- [Task brief] Each record that follows should be duplicated exactly, except for its pictures.

Records from a collection:
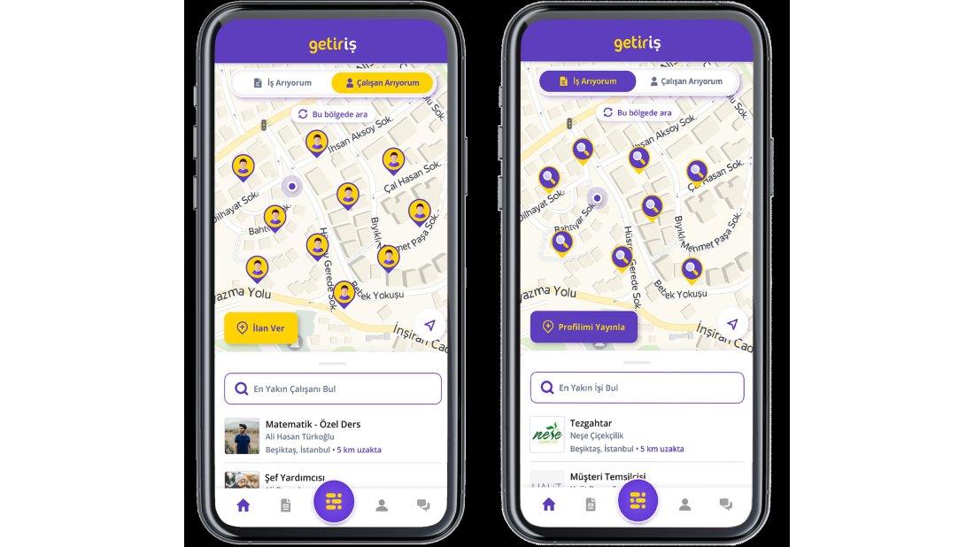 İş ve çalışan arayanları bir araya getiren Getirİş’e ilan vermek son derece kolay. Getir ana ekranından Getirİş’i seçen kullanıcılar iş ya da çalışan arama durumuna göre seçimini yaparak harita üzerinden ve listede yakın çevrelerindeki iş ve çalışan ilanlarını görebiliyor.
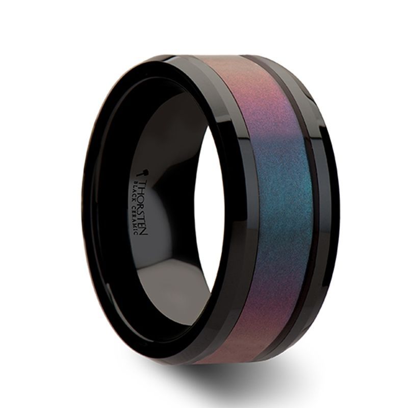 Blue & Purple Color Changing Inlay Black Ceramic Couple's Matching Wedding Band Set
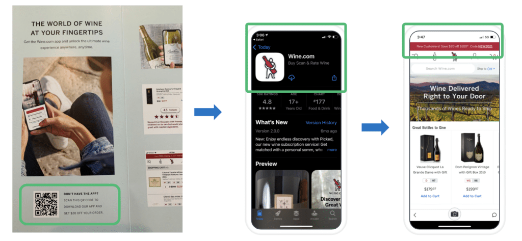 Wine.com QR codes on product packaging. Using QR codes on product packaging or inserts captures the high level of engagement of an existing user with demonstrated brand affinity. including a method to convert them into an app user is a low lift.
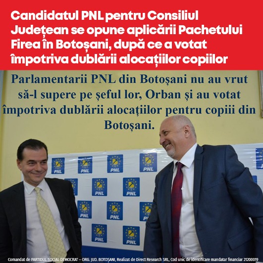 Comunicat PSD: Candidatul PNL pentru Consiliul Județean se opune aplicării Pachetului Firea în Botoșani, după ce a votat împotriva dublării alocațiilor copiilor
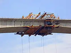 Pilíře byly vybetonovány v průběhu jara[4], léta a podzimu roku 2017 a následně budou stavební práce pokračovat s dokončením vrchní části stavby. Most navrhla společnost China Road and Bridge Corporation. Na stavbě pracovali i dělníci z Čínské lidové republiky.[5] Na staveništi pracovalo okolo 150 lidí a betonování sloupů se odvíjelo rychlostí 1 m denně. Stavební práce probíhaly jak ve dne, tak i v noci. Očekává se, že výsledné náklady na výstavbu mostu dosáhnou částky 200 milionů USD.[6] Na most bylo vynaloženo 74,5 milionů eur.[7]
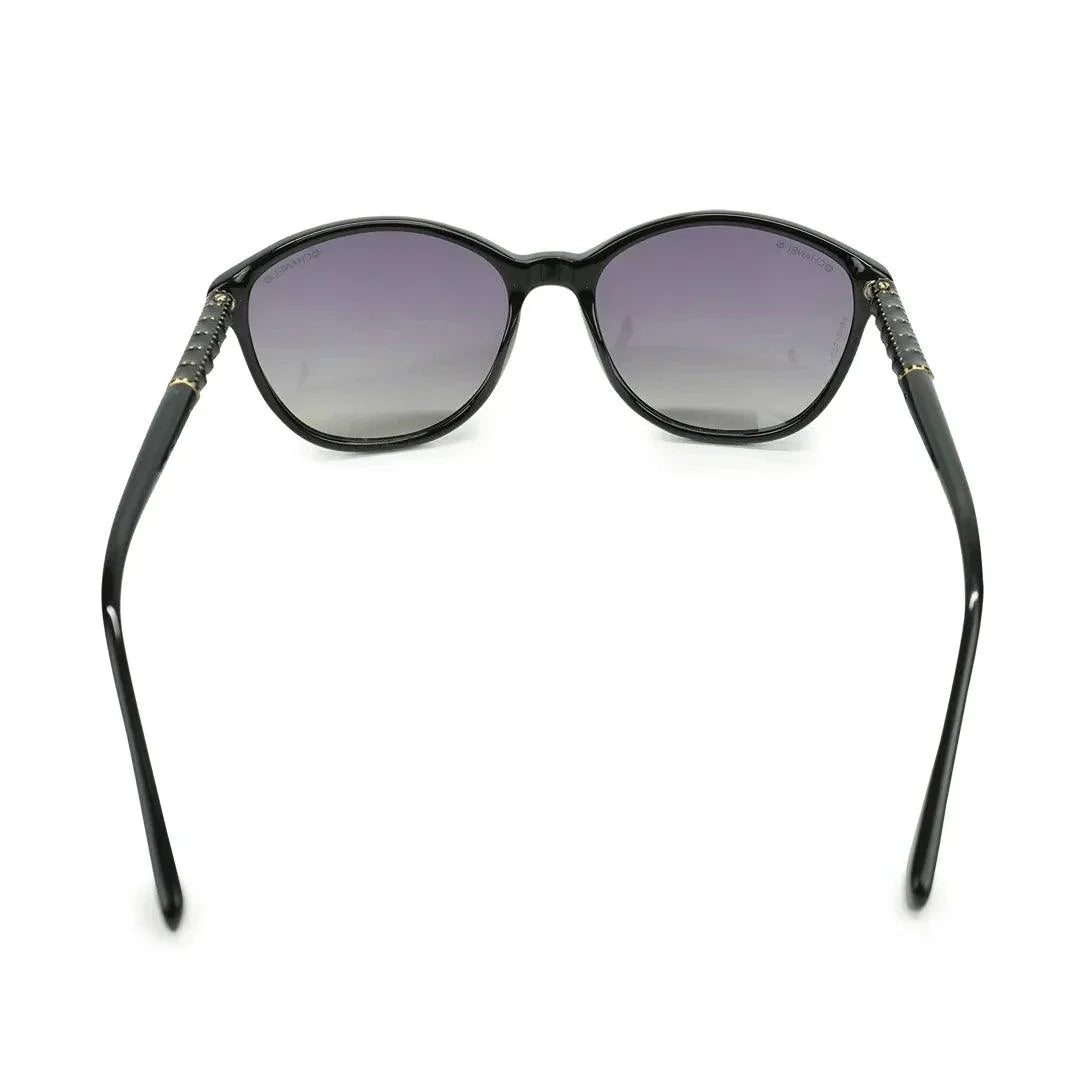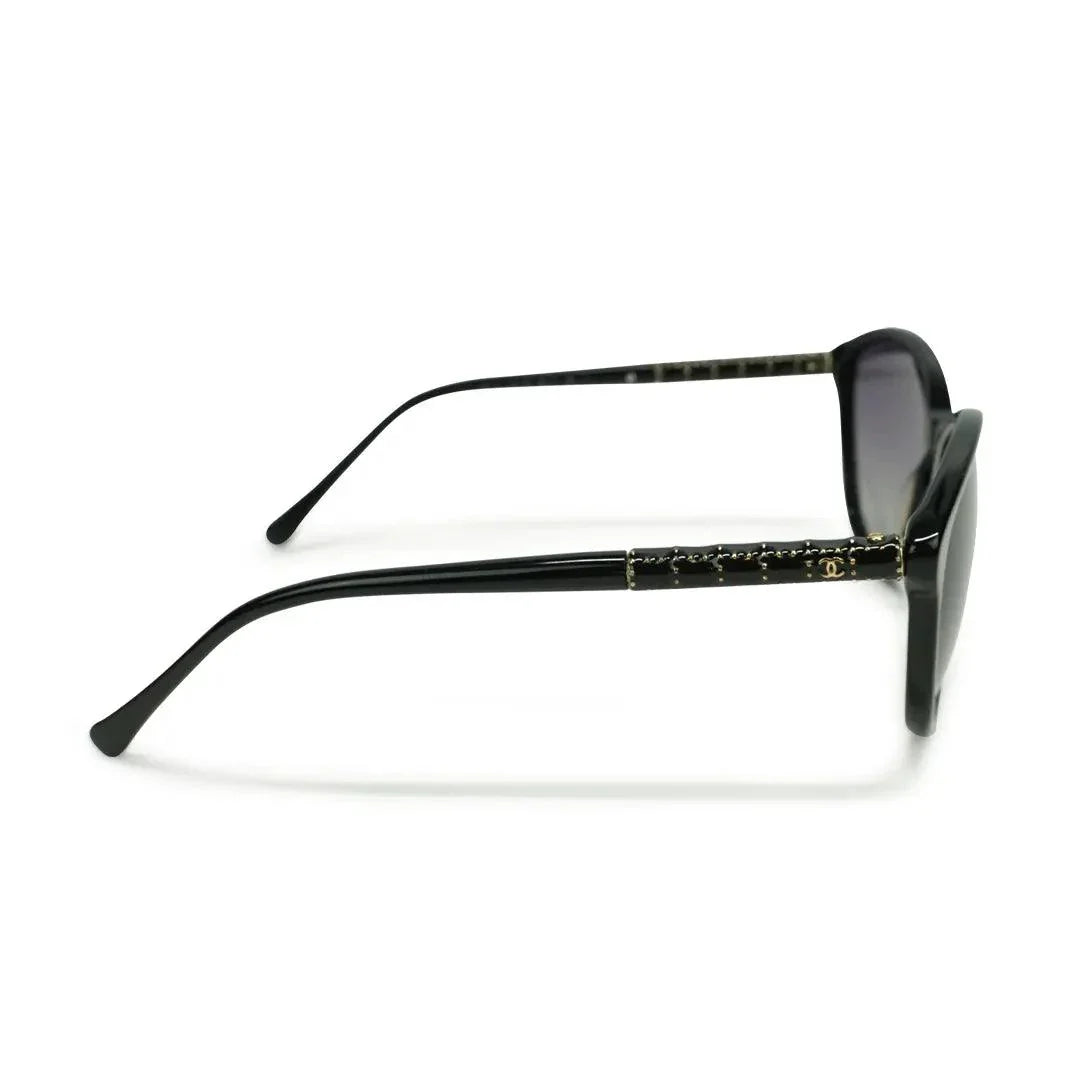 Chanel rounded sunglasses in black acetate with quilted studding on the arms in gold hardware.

- [Response to the exercise]
 İş ve çalışan arayanları bir araya getiren Getirİş’e ilan vermek son derece kolay. Getir ana ekranından Getirİş’i seçen kullanıcılar iş ya da çalışan arama durumuna göre seçimini yaparak harita üzerinden ve listede yakın çevrelerindeki iş ve çalışan ilanlarını görebiliyor.
 Blue & Purple Color Changing Inlay Black Ceramic Couple's Matching Wedding Band Set
 Wine.com QR codes on product packaging. Using QR codes on product packaging or inserts captures the high level of engagement of an existing user with demonstrated brand affinity. including a method to convert them into an app user is a low lift.
 Comunicat PSD: Candidatul PNL pentru Consiliul Județean se opune aplicării Pachetului Firea în Botoșani, după ce a votat împotriva dublării alocațiilor copiilor
 Pilíře byly vybetonovány v průběhu jara[4], léta a podzimu roku 2017 a následně budou stavební práce pokračovat s dokončením vrchní části stavby. Most navrhla společnost China Road and Bridge Corporation. Na stavbě pracovali i dělníci z Čínské lidové republiky.[5] Na staveništi pracovalo okolo 150 lidí a betonování sloupů se odvíjelo rychlostí 1 m denně. Stavební práce probíhaly jak ve dne, tak i v noci. Očekává se, že výsledné náklady na výstavbu mostu dosáhnou částky 200 milionů USD.[6] Na most bylo vynaloženo 74,5 milionů eur.[7]
 Chanel rounded sunglasses in black acetate with quilted studding on the arms in gold hardware.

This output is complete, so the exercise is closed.